Gaming and battery considerations
The above graph tells you all you need to know about the 3D prowess of the Intel GMA 950 accelerator. It's beaten to a pulp by a discrete Radeon X1300 Pro 256MiB graphics card and, as such, won't even be able to handle well-coded engines such as Quake 4 at the TFT's native 1280 x 800 resolution.
A 3FPS framerate was not uncommon at 1280x720 with details set to minimum. We're not able to provide benchmark numbers for Quake 4 due to Microsoft Vista identifying problems with the Intel graphics driver and aborting the timedemo - something that did not happen with the GMA 950 on the Shuttle that was run under Windows XP MCE 2005.

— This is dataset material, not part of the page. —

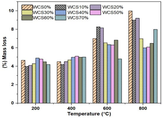 Figure 9, shows the mass loss at different high temperatures for SCC-WCS% mixtures. The mass loss results in SCC-WCS% mixtures at 200 °C are 4.65% for WCS0% and the WCS10% to 70% mass loss results are 4%, 4.1%, 4.3%, 4.9%, 4.8%, 4.5% and 4.2%. At 400 °C, it is 4.5% for WCS0%, and the WCS10% to 70% mass loss results are 4.2%, 4.5%, 4.7%, 5%, 5.1%, 5%, and 5%. At 600 °C, the WCS0% is 7%, and the WCS10% to 70% mass loss results are 8.2%, 8.16%, 6.56%, 6.36%, 6.32%, 6.85%, and 4.8% mass loss. At 800 °C, the WCS0% is 10% and the WCS10% to 70% mass loss results in 9%, 9.21%, 7%, 6%, 6.1%, 6.5%, and 8%, respectively.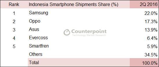 Demikian terungkap dalam penelitian terbaru oleh biro riset Counterpoint Research. Penelitian tersebut dilakukan di kuartal II 2016 atau dari bulan Juli sampai sekarang.

To further illustrate just how poor the GMA 950 is at gaming, the Shuttle X200's integrated graphics returned an average framerate of just 21FPS at 640x480 with minimum details, so don't be fooled into thinking that Intel's integrated graphics will provide a decent games-playing experience at reasonable quality settings, as the blurb would have you believe. GMA 950 also suffers from significant rendering issues, too.
Battery life
The battery test was simple enough. The Gateway MT6825B was charged to maximum and then a 1-hour 47-minute DVD was run - in full-screen mode and from the laptop's DVD drive - with screen brightness turned down to medium, battery mode set to maximum efficiency, and wireless connectivity switched off. We wanted to see just how much battery life was left at the end of the DVD. Not the most technical of evaluations but real-world nonetheless.We found that the battery still had 26 per cent charge once the DVD was complete, suggesting that the 52WHr battery is a good choice for a mid-sized laptop.